WHAT NEEDS TO BE DONE:
Which lines run from the one with "выложить в блендер." through the end of the data? Retype them exactly, without pictures.

SOURCE MATERIAL:
"""
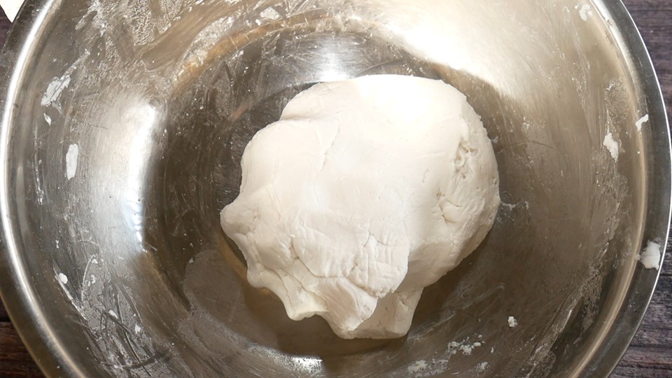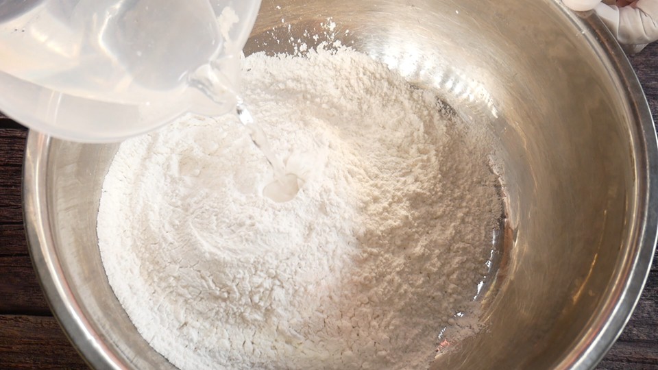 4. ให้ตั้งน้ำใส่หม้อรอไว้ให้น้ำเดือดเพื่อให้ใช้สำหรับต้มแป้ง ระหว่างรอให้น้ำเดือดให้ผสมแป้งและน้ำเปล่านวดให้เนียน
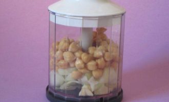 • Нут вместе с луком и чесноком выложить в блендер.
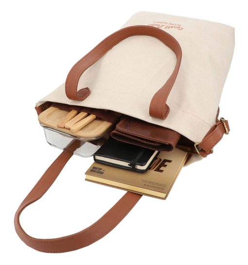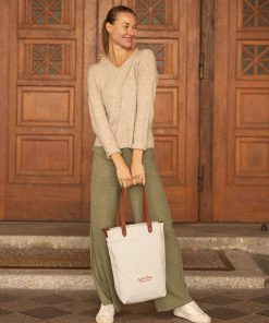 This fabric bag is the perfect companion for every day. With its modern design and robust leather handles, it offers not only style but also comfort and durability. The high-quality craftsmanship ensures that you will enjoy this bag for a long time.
"""
ANSWER SECTION:
 • Нут вместе с луком и чесноком выложить в блендер.
 This fabric bag is the perfect companion for every day. With its modern design and robust leather handles, it offers not only style but also comfort and durability. The high-quality craftsmanship ensures that you will enjoy this bag for a long time.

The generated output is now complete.